The new Internet Freedom Preservation Act proposes the same laws that many members of Congress feel American consumers want: no prioritized access to specific content providers and that all content providers should be treated equally. The new bill takes a step further and requires that network access providers allow purchasing of network services without requiring the purchase of other services.
Despite its incarnation as a new bill, the Internet Freedom Preservation Act faces the same challenges as its predecessors. Network service providers have begun lobbying against the act, claiming that Congress is wasting time fighting a problem that does not exist. Verizon for example, determined through
a corporate funded survey that most Americans do not even know what net-neutrality is
, nor are they concerned with it. Most people indicated on Verizon's survey that they were more interested in getting better programming for TV.
In an interview, Senator Bryon L. Dorgan said that he supports net-neutrality to the fullest and believes that without such a law, consumers would be hurt. "The success of the Internet has been its openness and the ability of anyone anywhere in this country to go on the Internet and reach the world. If the big interests who control the pipes become gatekeepers who erect tolls, it will have a significant impact on the Internet as we know it," said Dorgan.

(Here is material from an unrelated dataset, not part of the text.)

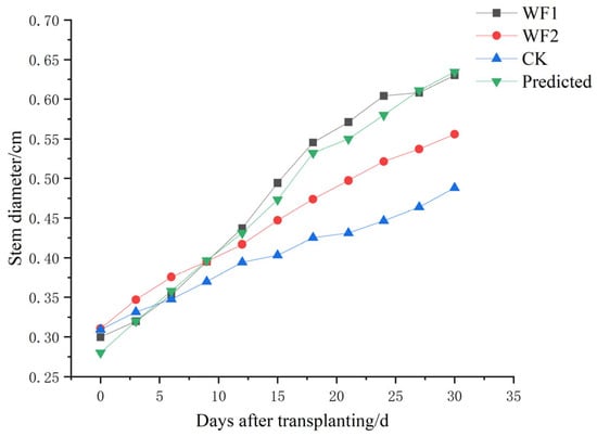 Growth of tomato stem diameter under different water and fertilizer treatments (WF1, WF2, and CK), with predicted values.

Most service providers disagreed with Dorgan's statement, indicating that without corporate ability to charge for different tiers of network access or speed,
it would impede and discourage network upgrading
. This in turn would harm consumers in the end.
Despite the ongoing battle, a
non-partisan group called Free Press
is working to increase public awareness of net-neutrality and is also trying to involve public influence in law and policy making in Congress. Ben Scott, policy director at Free Press, told press reporters that he fully supports the Internet Freedom Preservation Act. "The American public has an overwhelming interest in seeing this bill pass into law, ensuring that the online marketplace of ideas remains open and vibrant," said Scott.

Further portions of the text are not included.